This is a supporting document for the proposed Linked Data Signatures Working Group Charter, providing some extra explanation of the problem space and associated use cases and requirements.

Terminology

Linked Data and RDF Relationships

The term “Linked Data” was originally defined in 2006. However, this was never a formal definition and the term’s use has evolved over time. These days it can encompass resolvable URI schemes other than HTTP (notably Decentralized Identifiers) and may be used informally as a general term for any set of facts linked over the Web. Different communities may use these terms differently, although the underlying data model and semantics are close, if not identical. The work proposed by the charter necessarily focuses specifically on the underlying RDF technology. For this reason, in the proposed charter and in the terminology to be used by the Working Group, the terms “Linked Data” and “RDF” are used largely as a synonyms.
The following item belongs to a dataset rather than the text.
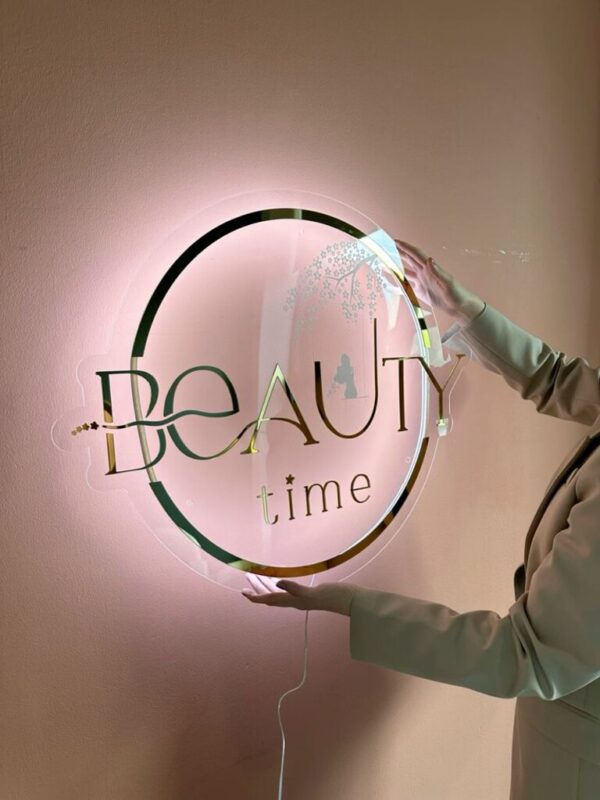 طرح دایرهای و نوشته Beauty Time با فونت طلایی و جزئیات چشمنواز، ظاهری مدرن و بسیار حرفهای به تابلو داده. نور ملایم و یکنواخت LED، به کمک آداپتور مخصوص، از پشت پلکسی پخش میشه و باعث میشه نوشتهها و طرح تابلو در شب و روز بدرخشه. این محصول نه تنها یک تابلو تبلیغاتیه، بلکه یک اکسسوری دکوراتیو برای سالن یا مزون هم محسوب میشه.
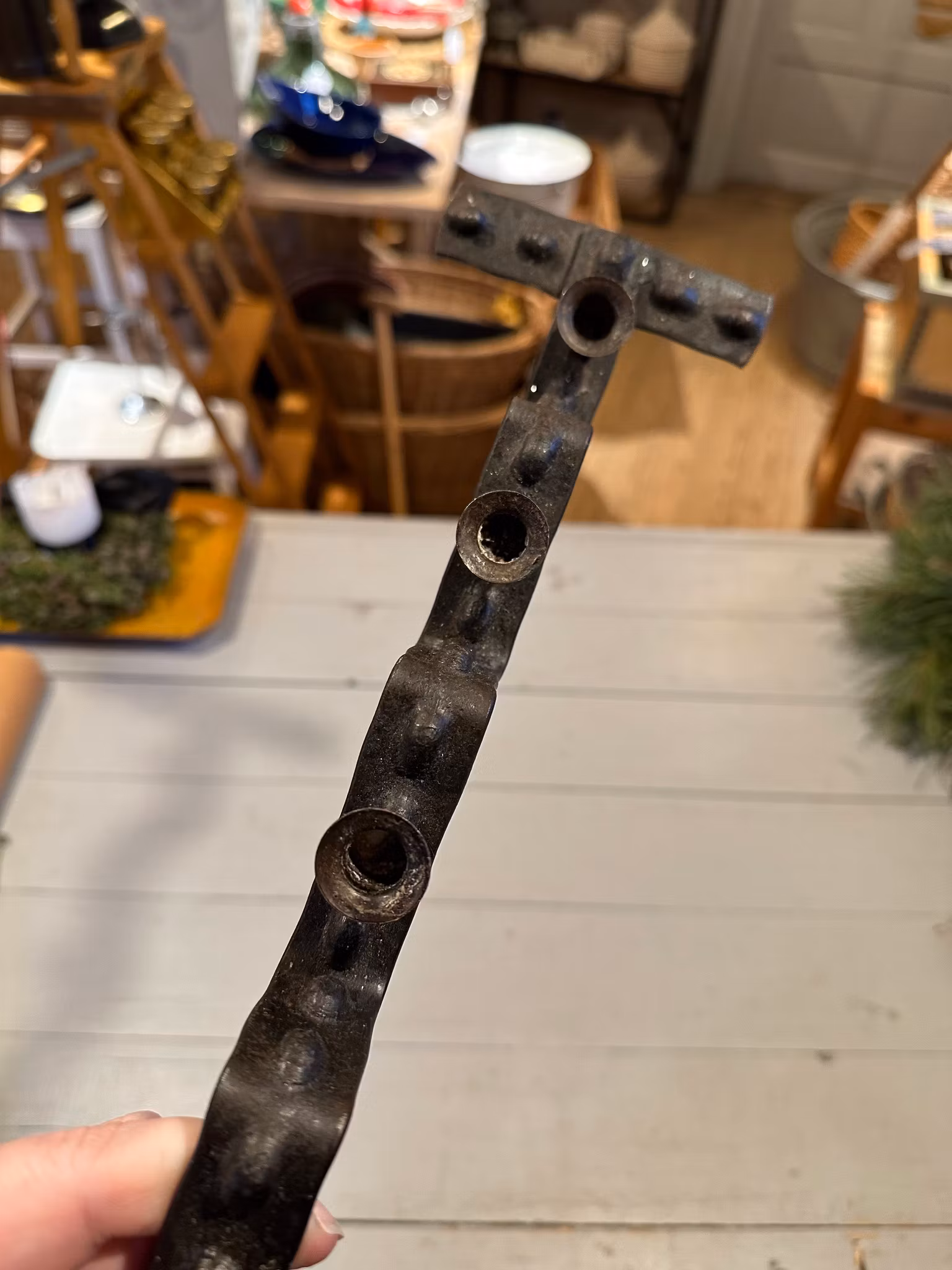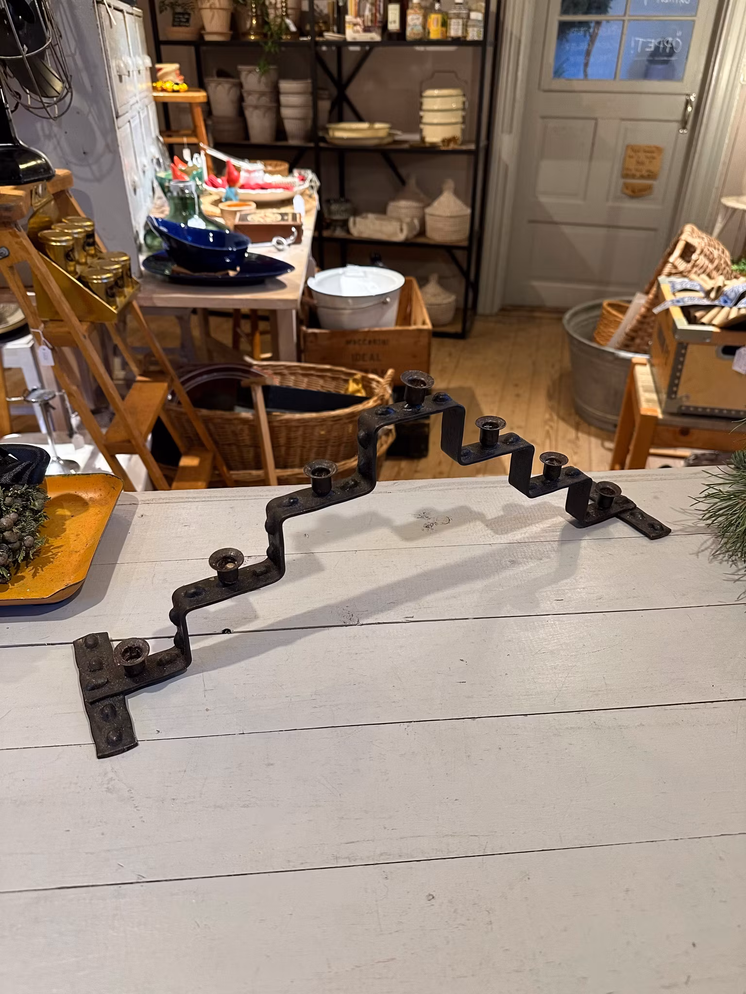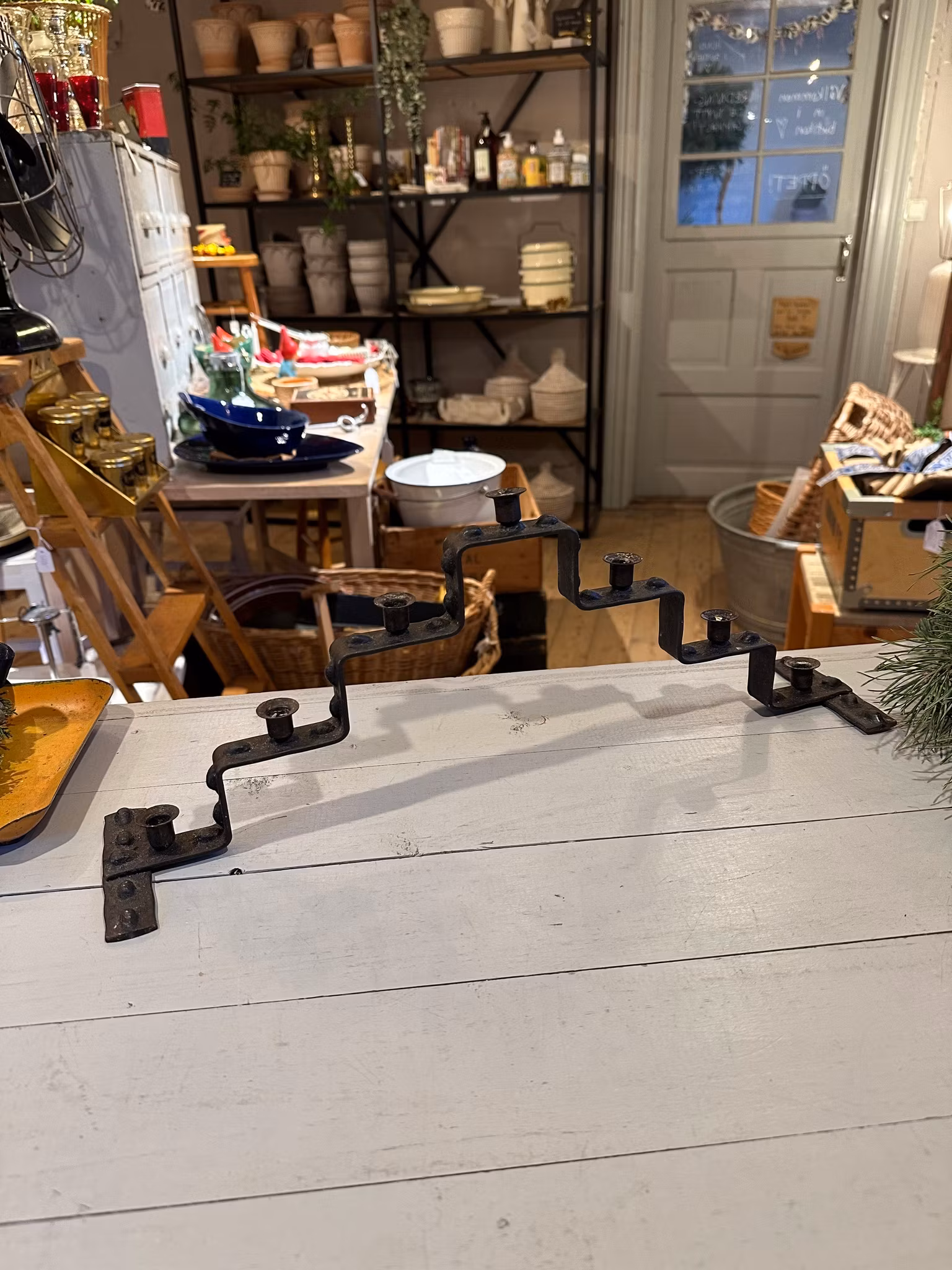 I gott använt och åldrat skick. Spår av användning/ålder finns över hela. Se bilder för skick. Står lite vippigt. Några ljushållare har lite lutning.

Canonicalization terminology

For a precise definition of the various terms and concepts, the reader should refer to the formal RDF specification [[rdf11-concepts]].

RDF Datasets

R, R' and S each denote an RDF Dataset [[rdf11-concepts]].

Identical RDF Datasets

R = S denotes that R and S are identical RDF Datasets.
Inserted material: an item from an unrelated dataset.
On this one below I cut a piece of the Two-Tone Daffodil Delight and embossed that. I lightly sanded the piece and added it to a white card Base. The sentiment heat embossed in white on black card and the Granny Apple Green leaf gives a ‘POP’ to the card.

Two RDF Datasets are identical if and only if they have the same default graph (under set equality) and the same set of named graphs (under set equality).

If R and S are identical, we may equivalently say that they are the same RDF Dataset.

Isomorphic RDF Datasets

R ≈ S denotes that R and S are isomorphic RDF Datasets.
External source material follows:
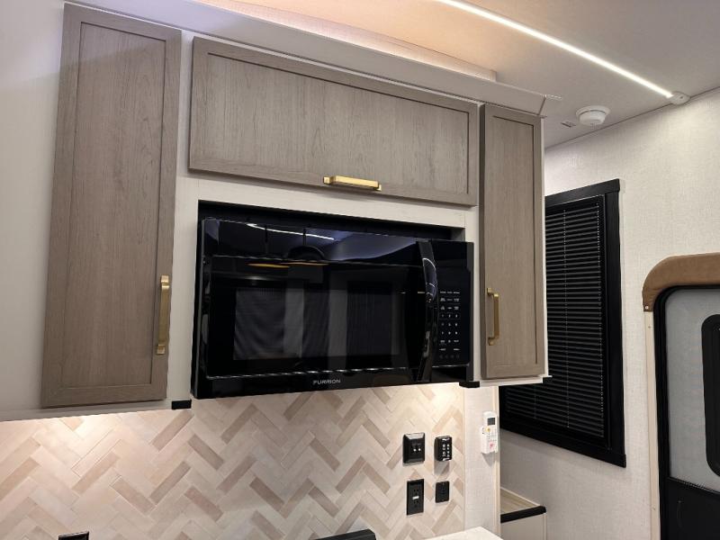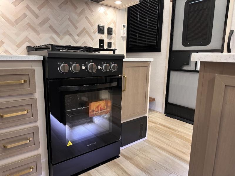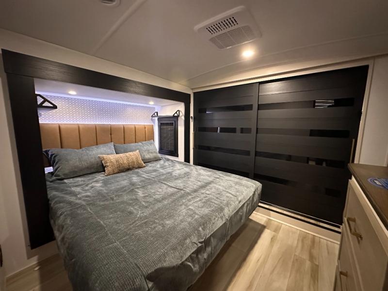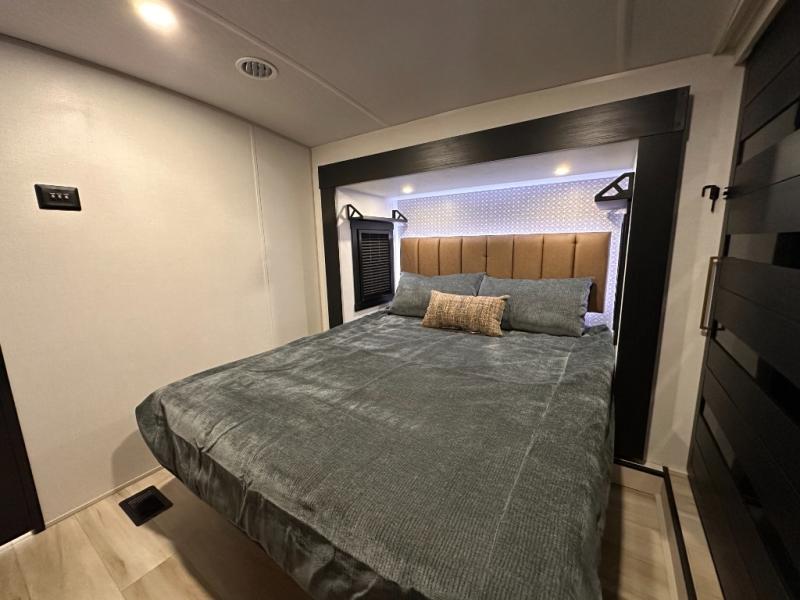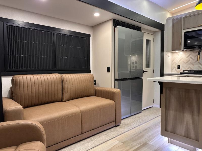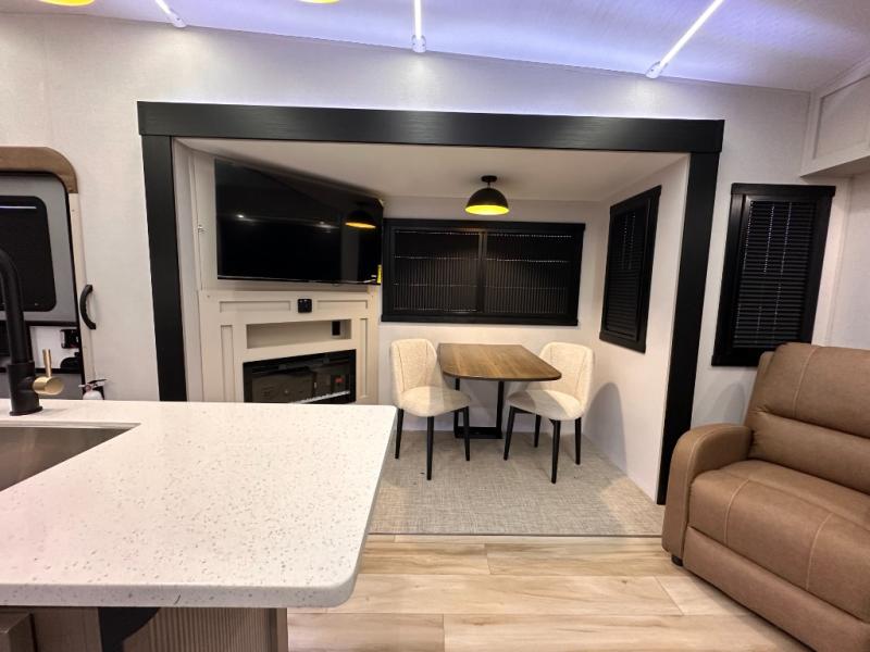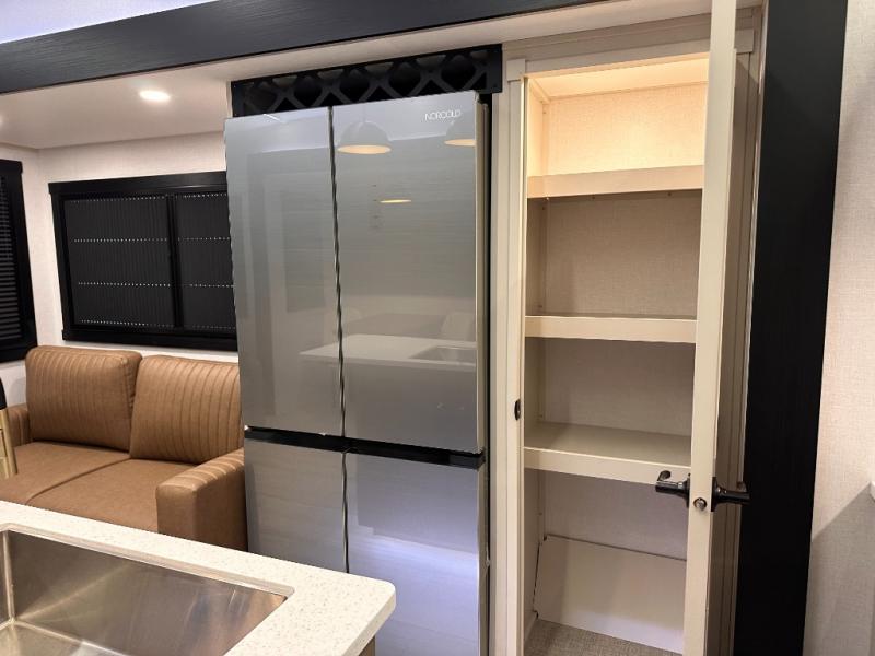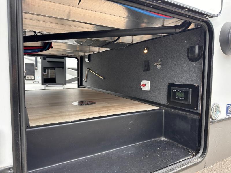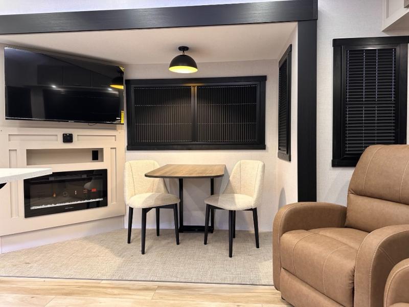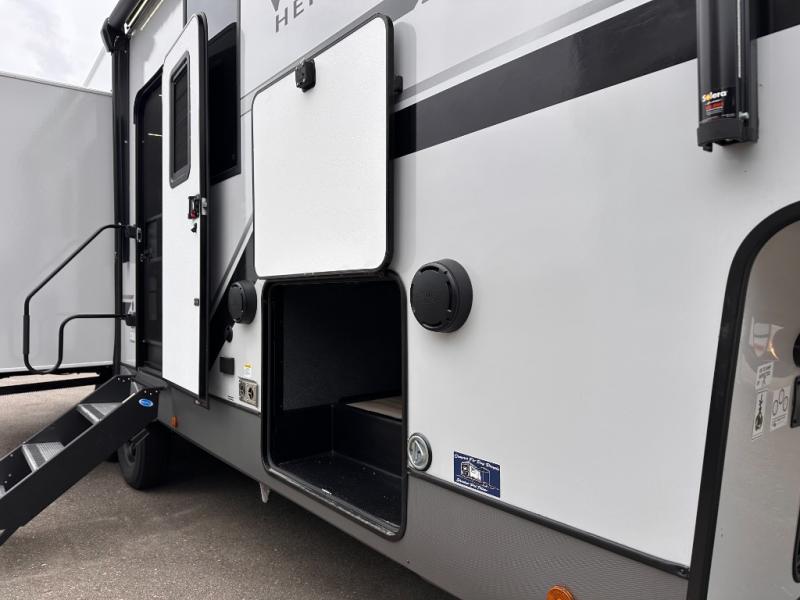 Whether you enjoy being outside or inside, this Wildwood Heritage Glen fifth wheel gives you the best of both! Imagine relaxing in a chair or on the tri-fold sofa and being able to look out panoramic windows at the scenery. Or, you might like to watch a show on the 50" LED TV with a fireplace below, and you can dine at the table and chairs that allows you to move the chairs if needed. The 16-cubic foot 12V refrigerator next to the pantry will allow you to stock up on ingredients and cold beverages for a long trip, and you will appreciate the custom king bed slide and the residential walk-in shower after being outside all day, even if just under the 13' awning. There is plenty of storage in the master bedroom and throughout, plus the XL Texas size pass-through compartment will surely come in handy for your charcoal, outdoor games, and such.

In particular, R is isomorphic with S if and only if it is possible to map the blank nodes of R to the blank nodes of S in a one-to-one manner, generating an RDF dataset R' such that R' = S.

RDF Dataset Canonicalization

RDF Dataset Canonicalization is a function C that maps an RDF Dataset to an RDF Dataset in a manner that satisfies the following two properties for all RDF Datasets R and S:

  • R ≈ C(R); and
  • C(R) = C(S) if and only if R ≈ S.

We may refer to C(R) as the canonical form of R (under C ).

Such a canonicalization function can be implemented, in practice, as a procedure that deterministically labels all blank nodes of an RDF Dataset in a one-to-one manner, without depending on the particular set of blank node identifiers used in the serialization of the input RDF Dataset.

It is important to emphasize that the term “canonicalization” is used here in its very generic form, described as:

In computer science, canonicalization […] is a process for converting data that has more than one possible representation into a “standard”, “normal”, or canonical form.
Source: Wikipedia.

Canonicalization, as used in the context of this document and the proposed charter, is indeed defined on an abstract data model (i.e., on RDF Dataset [[rdf11-concepts]]), regardless of a specific serialization. (It could also be referred to as a “canonical labelling scheme”). It is therefore very different from the usage of the term in, for example, the “Canonical XML” [[xml-c14n11]] or the “JSON Canonicalization Scheme” [[rfc8785]] specifications. Any comparison with those documents can be misleading.

The General Problem Space

Though canonical labeling procedures for directed and undirected graphs have been studied for several decades, only in the past 10 years have two generalized approaches been proposed for RDF Graphs and RDF Datasets:

  1. The algorithms defined by Aidan Hogan in [[aidan-2017]], reviewed through the anonymous scholarly peer review process, implemented by the author.
  2. The algorithm defined by Rachel Arnold and Dave Longley, see [[arnold-longley-2020]], reviewed by experts at Mirabolic Consulting, implemented and deployed via, e.g., the JSON-LD Signatures package used in several JSON-LD Signature suites.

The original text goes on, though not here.